Supplied information -
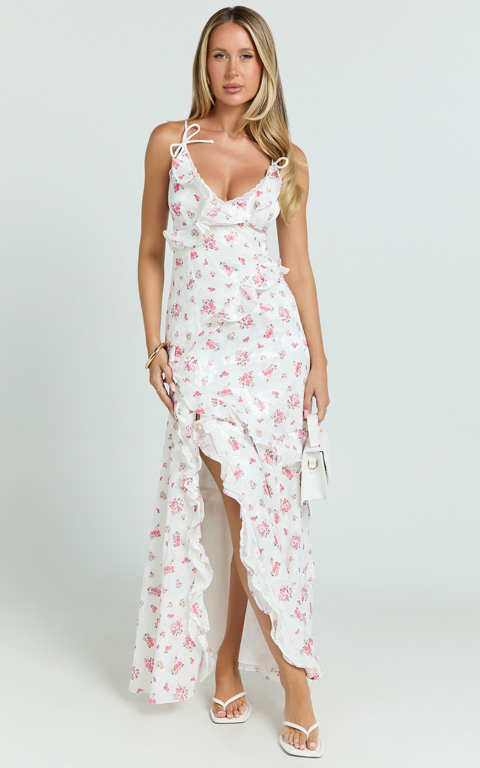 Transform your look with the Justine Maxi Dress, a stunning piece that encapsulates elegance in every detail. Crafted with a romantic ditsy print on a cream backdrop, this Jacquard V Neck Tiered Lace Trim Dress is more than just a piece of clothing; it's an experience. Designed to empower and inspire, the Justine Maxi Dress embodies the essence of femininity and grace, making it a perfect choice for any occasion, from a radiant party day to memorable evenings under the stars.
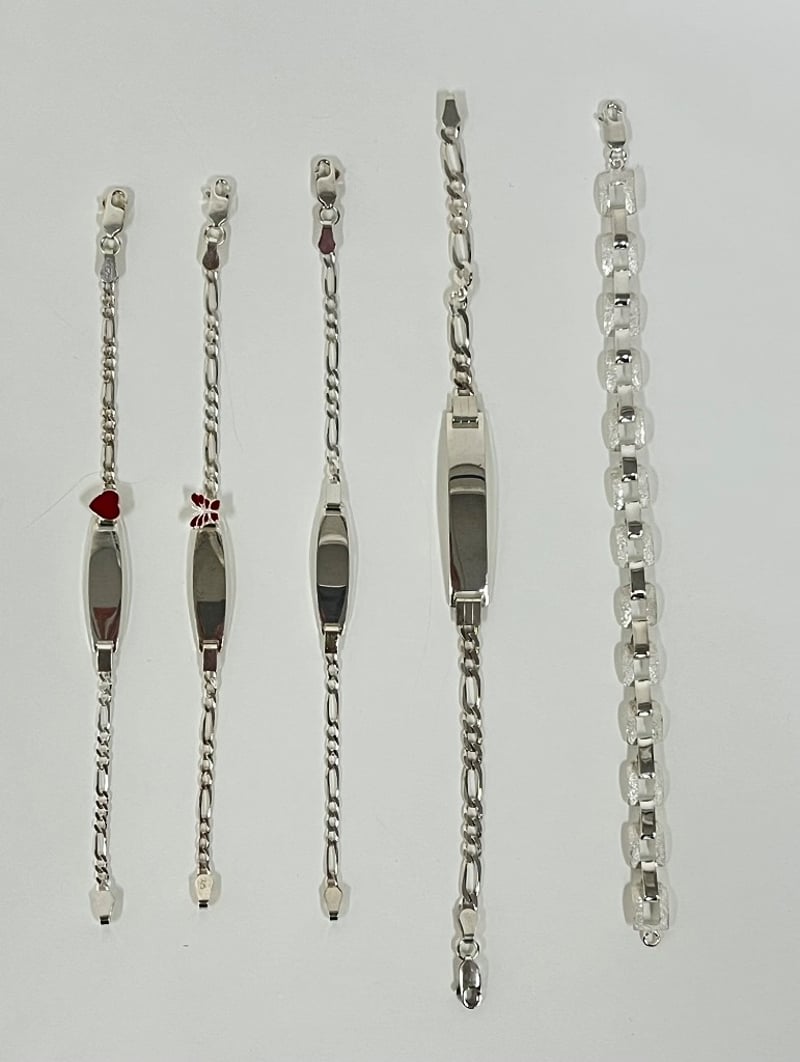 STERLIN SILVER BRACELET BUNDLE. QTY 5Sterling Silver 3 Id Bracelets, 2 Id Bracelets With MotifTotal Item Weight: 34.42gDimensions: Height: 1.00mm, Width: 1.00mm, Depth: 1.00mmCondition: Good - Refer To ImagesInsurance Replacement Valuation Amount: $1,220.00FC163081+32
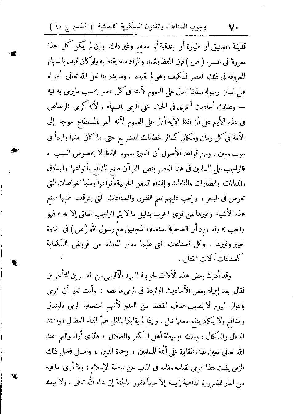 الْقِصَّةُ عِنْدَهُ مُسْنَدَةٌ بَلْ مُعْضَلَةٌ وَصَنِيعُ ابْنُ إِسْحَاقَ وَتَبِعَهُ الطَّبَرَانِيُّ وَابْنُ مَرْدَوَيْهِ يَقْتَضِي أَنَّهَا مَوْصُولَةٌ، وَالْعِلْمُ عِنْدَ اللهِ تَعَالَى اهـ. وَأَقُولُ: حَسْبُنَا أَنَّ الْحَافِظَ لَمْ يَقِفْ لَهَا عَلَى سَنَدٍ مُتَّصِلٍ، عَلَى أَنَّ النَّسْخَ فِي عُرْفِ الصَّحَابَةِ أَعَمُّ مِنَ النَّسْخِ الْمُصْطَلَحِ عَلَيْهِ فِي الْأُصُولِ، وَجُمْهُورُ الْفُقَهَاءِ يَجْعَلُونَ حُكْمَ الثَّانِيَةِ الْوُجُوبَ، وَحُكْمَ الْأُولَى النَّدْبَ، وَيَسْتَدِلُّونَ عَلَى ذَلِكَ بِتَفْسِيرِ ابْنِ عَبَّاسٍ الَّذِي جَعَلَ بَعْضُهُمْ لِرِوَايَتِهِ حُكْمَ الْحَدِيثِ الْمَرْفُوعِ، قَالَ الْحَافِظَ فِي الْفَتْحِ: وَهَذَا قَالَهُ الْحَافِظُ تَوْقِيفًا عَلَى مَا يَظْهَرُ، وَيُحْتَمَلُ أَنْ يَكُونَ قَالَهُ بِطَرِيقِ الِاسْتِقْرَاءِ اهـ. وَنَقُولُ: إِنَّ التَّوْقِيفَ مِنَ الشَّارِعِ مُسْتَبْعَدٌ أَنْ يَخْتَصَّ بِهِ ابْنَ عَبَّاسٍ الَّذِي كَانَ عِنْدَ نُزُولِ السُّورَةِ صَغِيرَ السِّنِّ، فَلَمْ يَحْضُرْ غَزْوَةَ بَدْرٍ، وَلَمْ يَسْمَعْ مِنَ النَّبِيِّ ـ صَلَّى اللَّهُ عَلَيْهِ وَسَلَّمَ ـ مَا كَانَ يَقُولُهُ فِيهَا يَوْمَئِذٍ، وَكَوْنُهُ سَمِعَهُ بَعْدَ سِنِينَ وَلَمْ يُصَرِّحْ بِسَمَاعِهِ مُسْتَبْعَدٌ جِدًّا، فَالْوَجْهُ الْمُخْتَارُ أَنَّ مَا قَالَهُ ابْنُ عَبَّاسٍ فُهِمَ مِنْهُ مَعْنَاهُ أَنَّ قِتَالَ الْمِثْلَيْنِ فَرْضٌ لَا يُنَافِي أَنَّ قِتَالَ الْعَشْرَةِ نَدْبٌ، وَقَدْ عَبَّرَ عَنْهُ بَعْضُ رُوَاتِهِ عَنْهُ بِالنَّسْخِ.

What needs to be done - Line by line and exactly, reproduce the span from the line with "STERLIN SILVER BRACELET" through the end of the data above, both ends included, with pictures left out.

Response -
 STERLIN SILVER BRACELET BUNDLE. QTY 5Sterling Silver 3 Id Bracelets, 2 Id Bracelets With MotifTotal Item Weight: 34.42gDimensions: Height: 1.00mm, Width: 1.00mm, Depth: 1.00mmCondition: Good - Refer To ImagesInsurance Replacement Valuation Amount: $1,220.00FC163081+32
 الْقِصَّةُ عِنْدَهُ مُسْنَدَةٌ بَلْ مُعْضَلَةٌ وَصَنِيعُ ابْنُ إِسْحَاقَ وَتَبِعَهُ الطَّبَرَانِيُّ وَابْنُ مَرْدَوَيْهِ يَقْتَضِي أَنَّهَا مَوْصُولَةٌ، وَالْعِلْمُ عِنْدَ اللهِ تَعَالَى اهـ. وَأَقُولُ: حَسْبُنَا أَنَّ الْحَافِظَ لَمْ يَقِفْ لَهَا عَلَى سَنَدٍ مُتَّصِلٍ، عَلَى أَنَّ النَّسْخَ فِي عُرْفِ الصَّحَابَةِ أَعَمُّ مِنَ النَّسْخِ الْمُصْطَلَحِ عَلَيْهِ فِي الْأُصُولِ، وَجُمْهُورُ الْفُقَهَاءِ يَجْعَلُونَ حُكْمَ الثَّانِيَةِ الْوُجُوبَ، وَحُكْمَ الْأُولَى النَّدْبَ، وَيَسْتَدِلُّونَ عَلَى ذَلِكَ بِتَفْسِيرِ ابْنِ عَبَّاسٍ الَّذِي جَعَلَ بَعْضُهُمْ لِرِوَايَتِهِ حُكْمَ الْحَدِيثِ الْمَرْفُوعِ، قَالَ الْحَافِظَ فِي الْفَتْحِ: وَهَذَا قَالَهُ الْحَافِظُ تَوْقِيفًا عَلَى مَا يَظْهَرُ، وَيُحْتَمَلُ أَنْ يَكُونَ قَالَهُ بِطَرِيقِ الِاسْتِقْرَاءِ اهـ. وَنَقُولُ: إِنَّ التَّوْقِيفَ مِنَ الشَّارِعِ مُسْتَبْعَدٌ أَنْ يَخْتَصَّ بِهِ ابْنَ عَبَّاسٍ الَّذِي كَانَ عِنْدَ نُزُولِ السُّورَةِ صَغِيرَ السِّنِّ، فَلَمْ يَحْضُرْ غَزْوَةَ بَدْرٍ، وَلَمْ يَسْمَعْ مِنَ النَّبِيِّ ـ صَلَّى اللَّهُ عَلَيْهِ وَسَلَّمَ ـ مَا كَانَ يَقُولُهُ فِيهَا يَوْمَئِذٍ، وَكَوْنُهُ سَمِعَهُ بَعْدَ سِنِينَ وَلَمْ يُصَرِّحْ بِسَمَاعِهِ مُسْتَبْعَدٌ جِدًّا، فَالْوَجْهُ الْمُخْتَارُ أَنَّ مَا قَالَهُ ابْنُ عَبَّاسٍ فُهِمَ مِنْهُ مَعْنَاهُ أَنَّ قِتَالَ الْمِثْلَيْنِ فَرْضٌ لَا يُنَافِي أَنَّ قِتَالَ الْعَشْرَةِ نَدْبٌ، وَقَدْ عَبَّرَ عَنْهُ بَعْضُ رُوَاتِهِ عَنْهُ بِالنَّسْخِ.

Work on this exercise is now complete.